Hombre bueno, hombre malo
¿Es el hombre bueno por naturaleza y viene la sociedad y le carga de cadenas, corrompe y hace malo, como sostenía Rousseau, o, por el contrario, el hombre nace lobo para el hombre, como quería Hobbes, y sólo los grilletes sociales le impiden devorar a sus semejantes, impelido por su insociable e insaciable agresividad intraespecífica?He ahí la gran bifurcación de las ideas acerca de nosotros mismos y nuestra ideal organización social, que arranca desde la más remota antigüedad y origina la dialéctica filosófico / política que ha enfrentado a los hombres desde que tomaron conciencia de sí mismos y se organizaron en sociedad. De ahí, en concreto, surgen desde antiguo el materialismo y el idealismo, bases de la posterior dicotomía entre izquierda y derecha, y, a la postre, entre el sistema socialista y el capitalista.

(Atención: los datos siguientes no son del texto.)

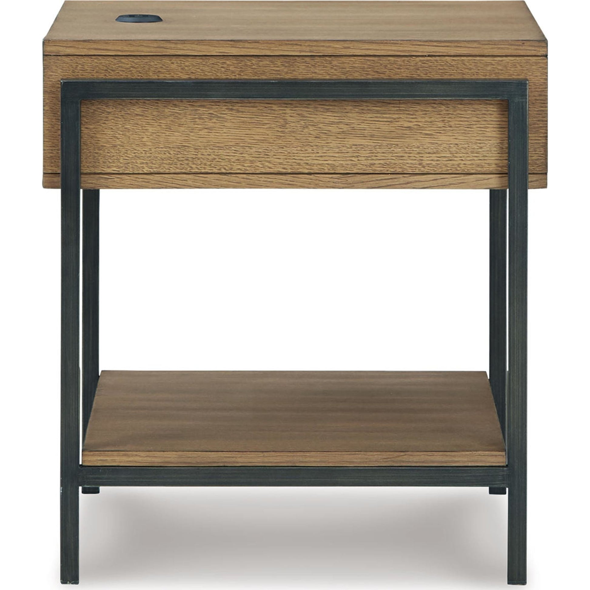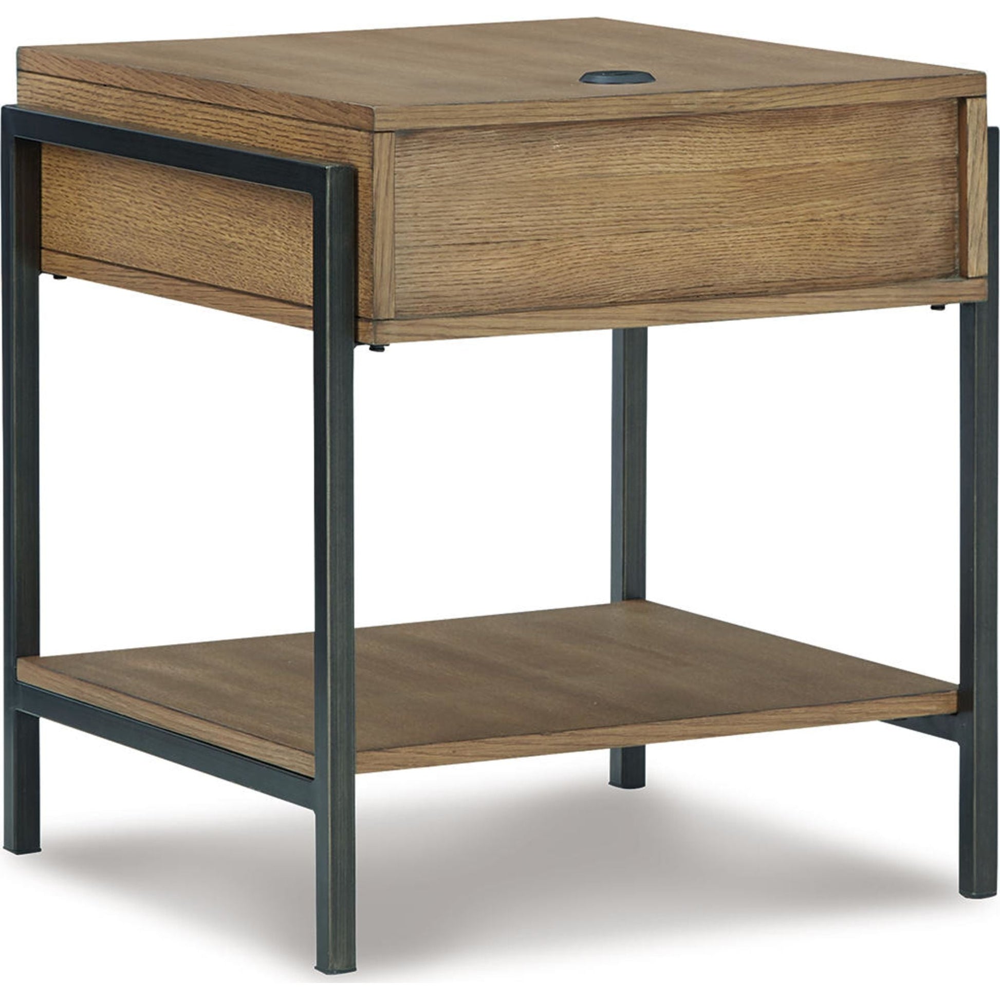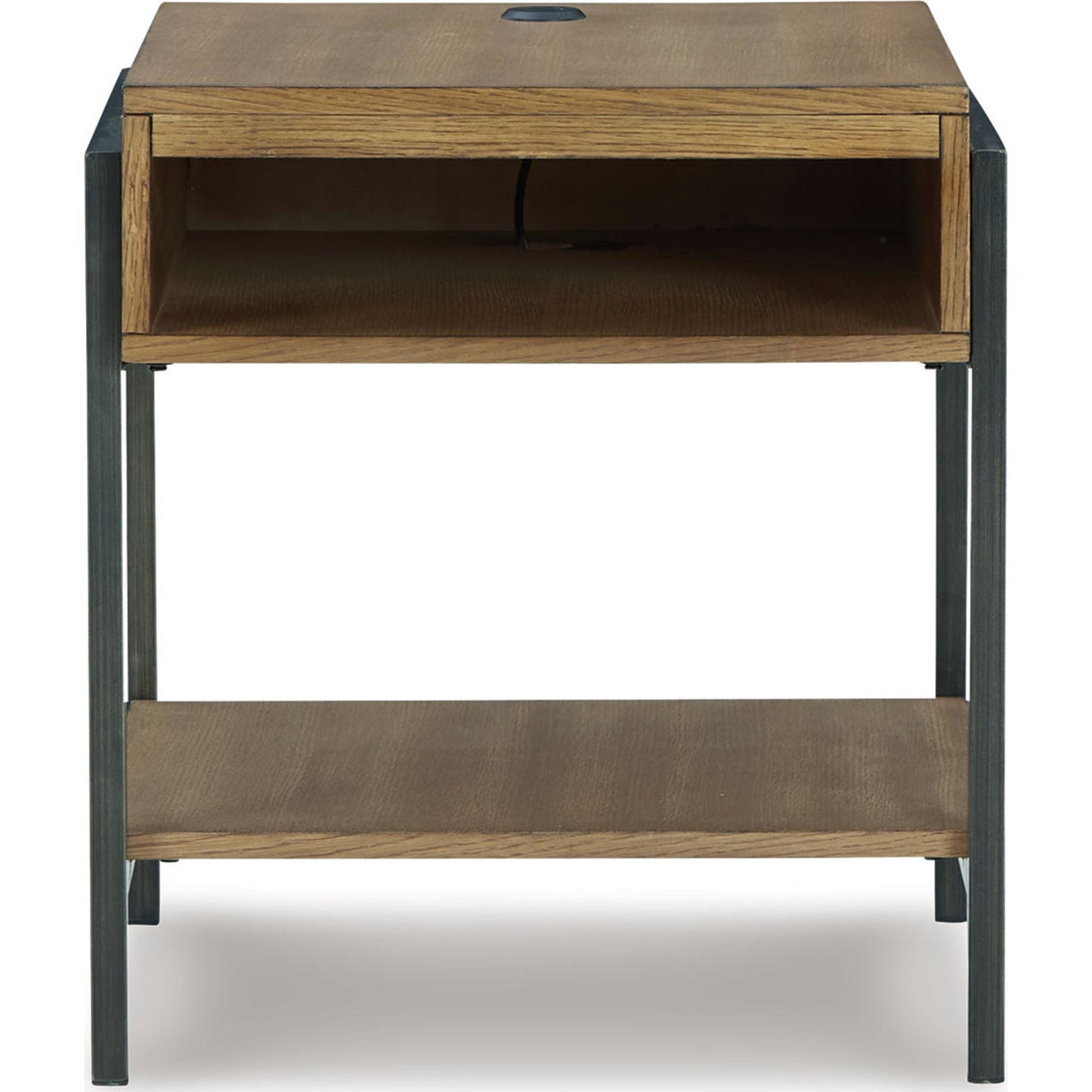 Magnifique à regarder, la table d'appoint Fridley, au style urbain et contemporain, allie style et praticité. Son bois arbore une finition claire et naturelle qui contraste élégamment avec la structure en métal noir. Son compartiment ouvert est idéal pour ranger livres et magazines. Un port de chargement secteur/USB astucieusement placé sur le dessus vous permet de recharger vos appareils sans effort.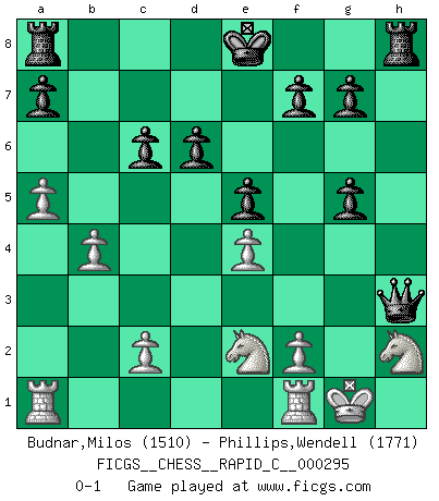 Last move : 0-1 2023 March 28 18:47:32 [Event "FICGS__CHESS__RAPID_C__000295"] [Site "FICGS"] [Date "2023.03.18"] [Round "1"] [White "Budnar,Milos"] [Black "Phillips,Wendell"] [Result "0-1"] [WhiteElo "1510"] [BlackElo "1771"] 1.e4 d6 2.d4 c6 3.h3 Qc7 4.Nf3 e5 5.Be2 h6 6.O-O Be7 7.Nc3 Nd7 8.d5 Nf8 9.Be3 Ng6 10.a3 Nf6 11.dxc6 bxc6 12.b4 Bd7 13.a4 Qc8 14.a5 Bxh3 15.gxh3 Qxh3 16.Nh2 Nh4 17.Bf3 Ng4 18.Nxg4 Nxf3+ 19.Qxf3 Qxf3 20.Nh2 Qh3 21.Ne2 Bg5 22.Bxg5 hxg5 0-1 Follow this game move after move (download)All I want to do, ever, is just play Chess. (Bobby Fischer) Kritik überlasse ich den Spießern. Ich zeige nichts, wofür ich mich schämen muss. (Alexandra Kosteniuk) El pensamiento metódico es mas útil en el Ajedrez que la inspiración. (C. J. S. Purdy) En blitz, le Cavalier l'emporte sur le Fou. (Vlastimil Hort) Question: Is 'This statement is paradoxical' a paradoxical statement ? Or is it a meta-paradox ? (Normajean Yates)

Curiosamente, el materialismo, que cree en la materia y en el hombre como principios y fines de todas las cosas, se constituiría en el auténtico idealismo humanista frente al idealismo oficial, consistente en creer que materia y hombre no son sino tránsitos contingentes menospreciables hacia el edénico reino del otro mundo.
Materialismo humanista russoniano e idealismo trascendente hobbiano chocan entre sí en las teorías y praxis sobre la necesidad de liberar al hombre en este mundo para que vuelva al estado feliz de naturaleza o cargarle de cadenas sociales para que no muerda.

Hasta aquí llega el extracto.